I have experienced same problem with master nodes in BYO K8s cluster with Gatekeeper v3.7.0.
- I did not have any issues with adding/removing worker nodes, only master nodes do not register.
Setup
- gatekeeper pods are up and running
- there are 3 masters running which were setup before gatekeeper was deployed
- new master node is added and it fails to register
Logs
Master node Kubelet log shows a lot of errors like this:
Jan 18 21:24:07 master-node-name kubelet[24315]: E0118 21:24:07.559174 24315 kubelet.go:2212] Container runtime network not ready: NetworkReady=false reason:Net
workPluginNotReady message:docker: network plugin is not ready: kubenet does not have netConfig. This is most likely due to lack of PodCIDR
Jan 18 21:24:11 master-node-name kubelet[24315]: E0118 21:24:11.349627 24315 kubelet.go:2292] node "master-node-name" not found
Jan 18 21:24:11 master-node-name kubelet[24315]: E0118 21:24:11.449800 24315 kubelet.go:2292] node "master-node-name" not found
Jan 18 21:24:11 master-node-name kubelet[24315]: E0118 21:24:11.550034 24315 kubelet.go:2292] node "master-node-name" not found
Jan 18 21:24:11 master-node-name kubelet[24315]: E0118 21:24:11.650209 24315 kubelet.go:2292] node "master-node-name" not found
Jan 18 21:24:11 master-node-name kubelet[24315]: I0118 21:24:11.655041 24315 nodeinfomanager.go:403] Failed to publish CSINode: nodes "master-node-name" not found
Jan 18 21:24:11 master-node-name kubelet[24315]: I0118 21:24:11.670474 24315 nodeinfomanager.go:403] Failed to publish CSINode: nodes "master-node-name" not found
Jan 18 21:24:11 master-node-name kubelet[24315]: I0118 21:24:11.731168 24315 nodeinfomanager.go:403] Failed to publish CSINode: nodes "master-node-name" not found
Jan 18 21:24:11 master-node-name kubelet[24315]: E0118 21:24:11.750440 24315 kubelet.go:2292] node "master-node-name" not found
Jan 18 21:24:11 master-node-name kubelet[24315]: E0118 21:24:11.850677 24315 kubelet.go:2292] node "master-node-name" not found
Jan 18 21:24:11 master-node-name kubelet[24315]: E0118 21:24:11.950879 24315 kubelet.go:2292] node "master-node-name" not found
Jan 18 21:24:11 master-node-name kubelet[24315]: I0118 21:24:11.991486 24315 nodeinfomanager.go:403] Failed to publish CSINode: nodes "master-node-name" not found
Jan 18 21:24:11 master-node-name kubelet[24315]: E0118 21:24:11.991519 24315 csi_plugin.go:285] Failed to initialize CSINode: error updating CSINode annotation:
timed out waiting for the condition; caused by: nodes "master-node-name" not found
Jan 18 21:24:11 master-node-name kubelet[24315]: F0118 21:24:11.991525 24315 csi_plugin.go:299] Failed to initialize CSINode after retrying: timed out waiting f
or the condition
Jan 18 21:24:12 master-node-name systemd[1]: kubelet.service: main process exited, code=exited, status=255/n/a
Gatekeeper helm config:
replicas: 3
auditInterval: 300
auditMatchKindOnly: true
constraintViolationsLimit: 20
auditFromCache: false
disableMutation: false
disableValidatingWebhook: false
validatingWebhookTimeoutSeconds: 30
validatingWebhookFailurePolicy: Fail
validatingWebhookCheckIgnoreFailurePolicy: Fail
enableDeleteOperations: false
enableExternalData: false
mutatingWebhookFailurePolicy: Fail
mutatingWebhookTimeoutSeconds: 30
auditChunkSize: 100
logLevel: INFO
logDenies: true
emitAdmissionEvents: true
emitAuditEvents: true
resourceQuota: true
@darkstarmv Do you have any constraints on your cluster?

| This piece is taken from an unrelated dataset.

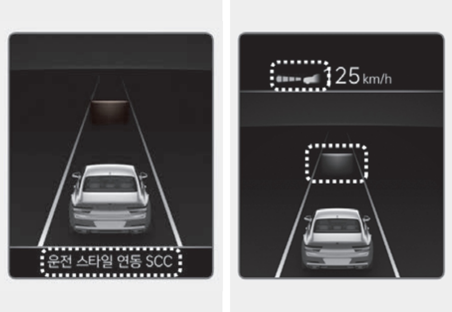 운전 스타일 연동이 작동하면 계기판에 '운전 스타일 연동 SCC' 문구가 2초 동안 표시되고, 운전자의 주행 성향이 반영된 차간거리 단계 및 목표 차간거리가 표시된다.

Since you are logging denies, do you see any denies on any G8r webhook pods that coincide with trying to spin up the master?
@darkstarmv Do you have any constraints on your cluster?

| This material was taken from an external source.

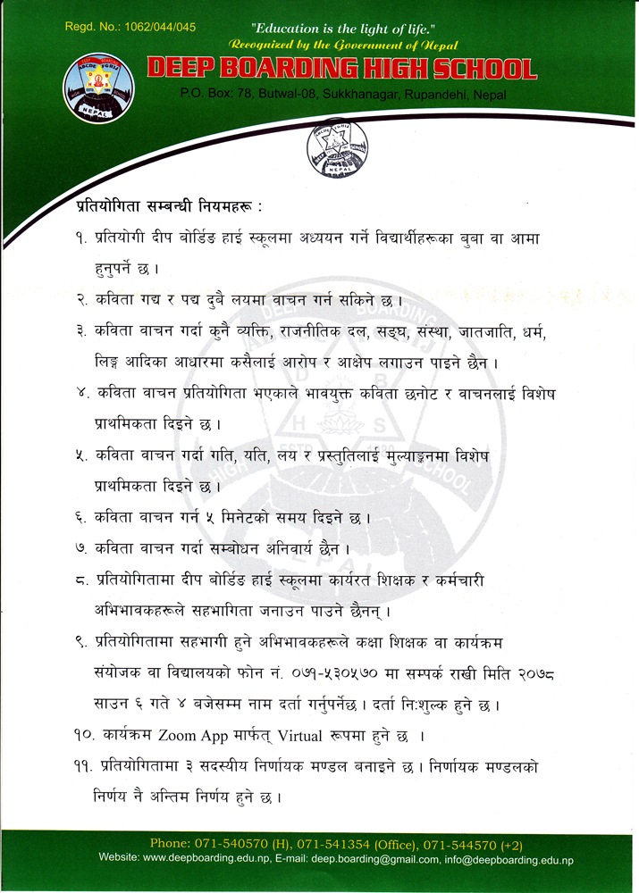 जुम एप मार्फत् भर्चुअल रूपमा दिउँसो २ बजे सुरु हुने प्रतियोगितामा दीप बोर्डिङ हाई स्कूलमा अध्ययन गर्ने विद्यार्थीहरूका अभिभावक आमाबुबाले मात्र भाग लिन पाउने कुरा कार्यक्रम संयोजक पुरुषोत्तम पाण्डेयले बताउनुभयो ।

Since you are logging denies, do you see any denies on any G8r webhook pods that coincide with trying to spin up the master?

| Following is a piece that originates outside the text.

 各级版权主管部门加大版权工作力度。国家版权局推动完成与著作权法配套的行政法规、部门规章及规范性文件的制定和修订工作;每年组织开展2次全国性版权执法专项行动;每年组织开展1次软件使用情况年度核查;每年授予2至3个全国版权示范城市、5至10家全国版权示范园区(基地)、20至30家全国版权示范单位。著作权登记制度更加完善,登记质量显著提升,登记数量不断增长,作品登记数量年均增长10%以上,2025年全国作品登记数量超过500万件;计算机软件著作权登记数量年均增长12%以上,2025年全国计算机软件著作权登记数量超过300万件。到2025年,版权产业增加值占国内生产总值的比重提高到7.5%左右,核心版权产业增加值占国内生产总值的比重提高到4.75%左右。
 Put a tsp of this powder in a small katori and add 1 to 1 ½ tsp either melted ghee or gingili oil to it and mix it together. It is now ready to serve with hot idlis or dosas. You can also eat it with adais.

I have a couple of ingress constraints to block duplicate ingress host and localhost. I'll try to dig through logs some more
Might also be worth seeing if disabling the webhook temporarily solves the problem. Not 100% clear G8r is involved, only that it's installed on the cluster. If disabling the webhook doesn't clear the issue, it's likely not G8r.
This issue has been automatically marked as stale because it has not had recent activity. It will be closed in 14 days if no further activity occurs. Thank you for your contributions.
This issue has been automatically marked as stale because it has not had recent activity. It will be closed in 14 days if no further activity occurs. Thank you for your contributions.